Ensino Socioemocional
A conexão entre o ensino social e a prevenção da violência

 

Os programas do ensino social são destinados a desenvolver o potencial positivo dos alunos e a prevenir ou reduzir comportamentos violentos.  

 

As intervenções mais eficazes geralmente usam uma abordagem que consiste em uma combinação de: regras claras na  escola, formação de professores para implementação da metodologia, produção de material educativo específico,, e aconselhamento individual.

 

As escolas que utilizam o ensino social desenvolvem nos estudantes habilidades sociais e emocionais nas áreas de autoconsciência, autogestão,, consciência social, habilidades de relacionamentos e tomada de decisão responsável.
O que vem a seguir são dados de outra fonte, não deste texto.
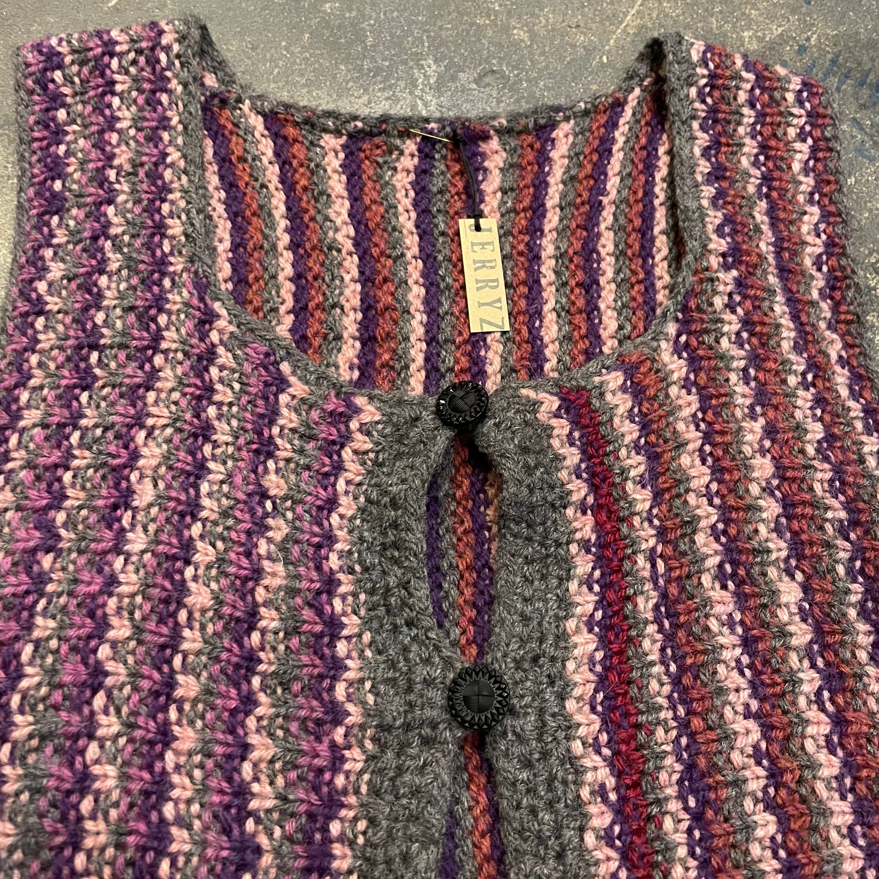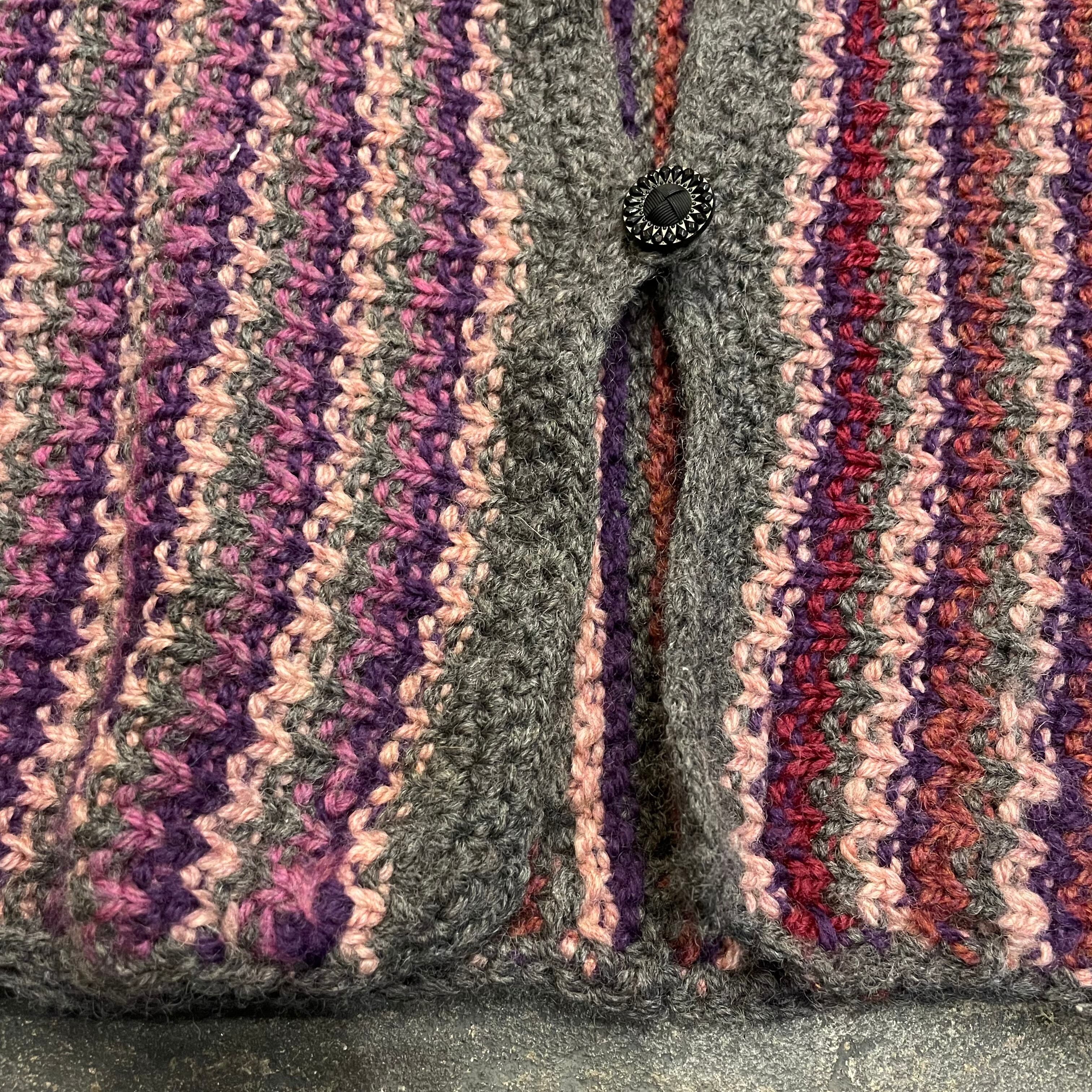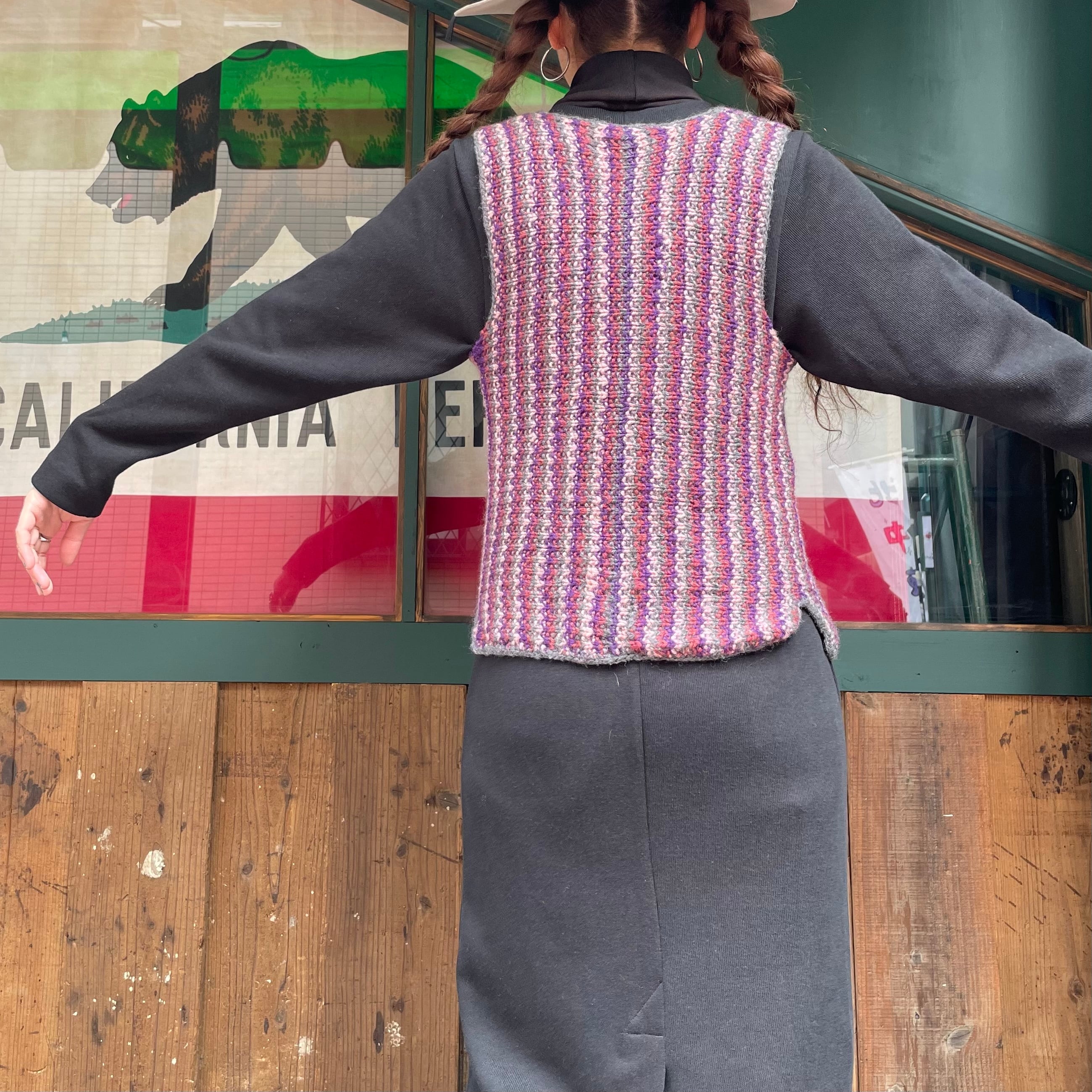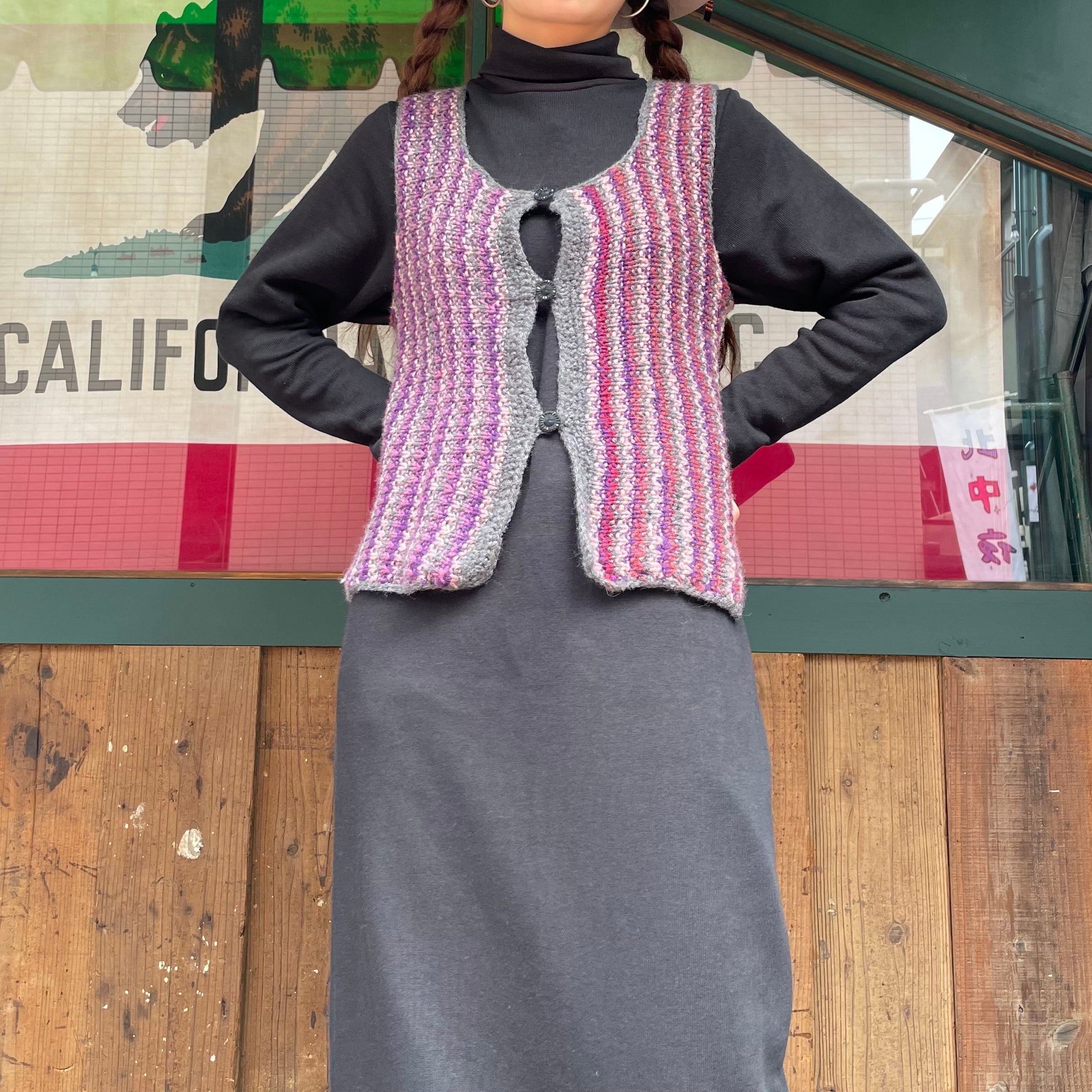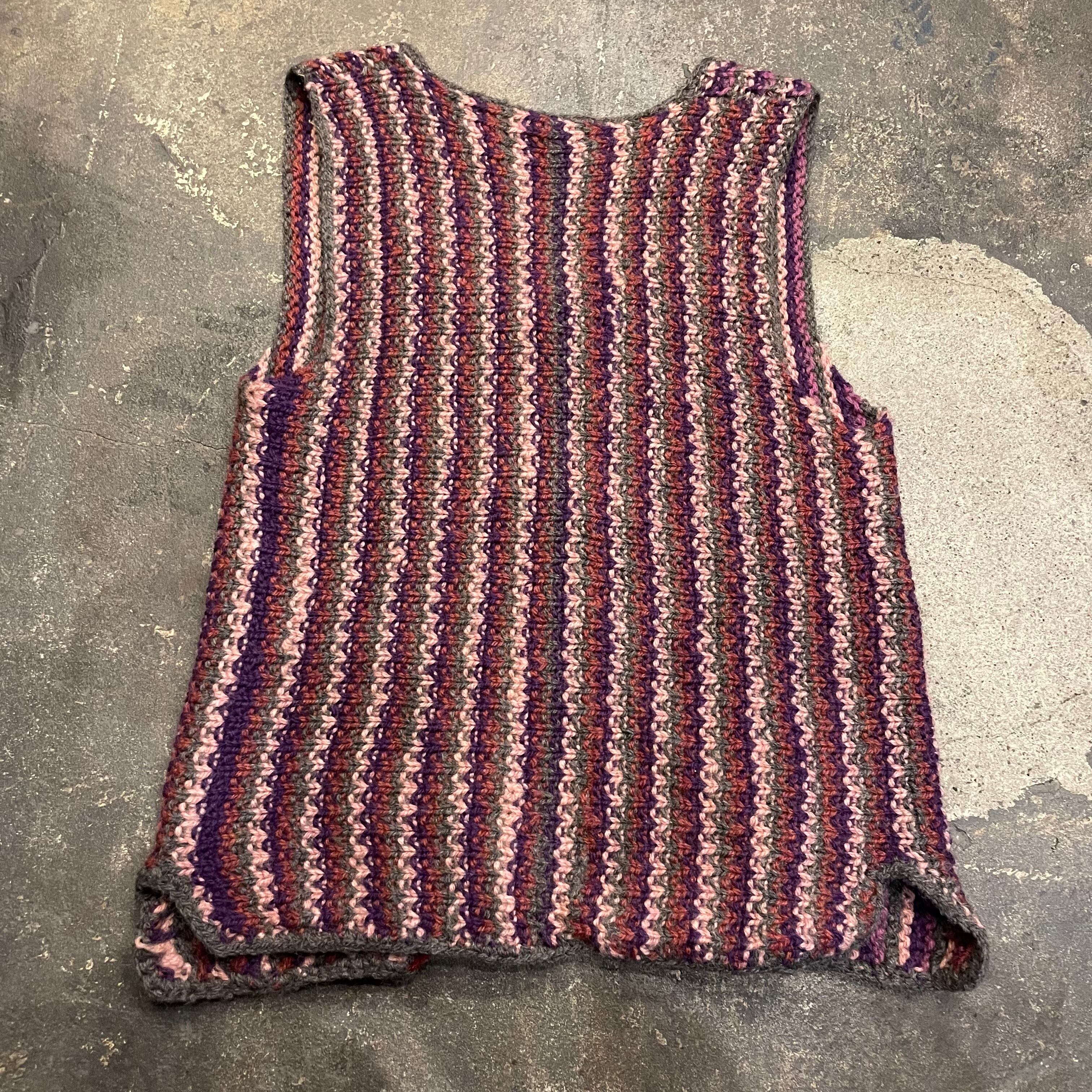 紫系のストライプ模様がかわいい手編みのニットベストです。

Essas habilidades são as competências fundamentais que alguns jovens precisam para lidar com a violência desse dentro de si, enquanto outros jovens precisam lidar com a violência sofrida. 

 

 

As perturbações escolares são de natureza essencialmente comportamental, relacionadas principalmente a falta de valores dos próprios alunos.

 

Estudantes são submetidos a sofrimentos comuns. Existe uma crescente decadência de valores entre os jovens, onde  ameaças e agressões de alunos contra professores, brigas entre alunos, violência sexual entre alunos e alunas, consumo de drogas, roubos, vandalismo e uso de armas invadiram o espaço da escola. A influência desses fatores nos indíces de rendimento escolar é brutal. 

 

Com seus programas voltados para as escolas públicas, o IASEA visa não apenas estudar esses fatos, mas atuar sobre eles, levando para as escolas ferramentas metodológicas elaboradas para motivar positivamente os alunos e prevenir comportamentos violentos.

PREVENÇÃO DA VIOLÊNCIA NAS ESCOLAS
 
Habilidades de autoconhecimento e autogestão

 

Reconhecer e gerir emoções a fim de responder ao conflito de maneira calma e assertiva. A fim de lidar com os conflitos de forma eficaz, as crianças precisam ser capazes de reconhecer quando estão ficando com raiva, e aprender a acalmar-se antes de reagir por impulso. As crianças e jovens que são freqüentemente violentos tendem a ter problemas de controle de raiva, comportamento explosivo,  e atacam de forma agressiva. Crianças mais bravas são as mais propensas a cometer bullying. Jovens relatam que a necessidade de aliviar o stress e se sentirem superiores são algumas das principais razões de atos violentos.

 

E estudantes que expressam níveis mais elevados de tristeza, insegurança e instabilidade emocional são os mais propensos a sofrer bullying.

Consciência Social 
 

Ser tolerante, compreender e respeitar diferenças, e interagir de forma empática. Pesquisas sugerem que as crianças muitas vezes não têm empatia pelas vítimas de bullying e atos violentos, e não entendem a importância de uma intervenção. "Vítimas não são interessantes", é como muitos pensam. Por outro lado, jovens que assistiram a cenas de violência e interviram em favor da vítima, relataram que os fatores de motivação para a intervenção foram sentimentos de empatia com o jovem sendo agredido, e uma preocupação geral com o bem-estar do outro.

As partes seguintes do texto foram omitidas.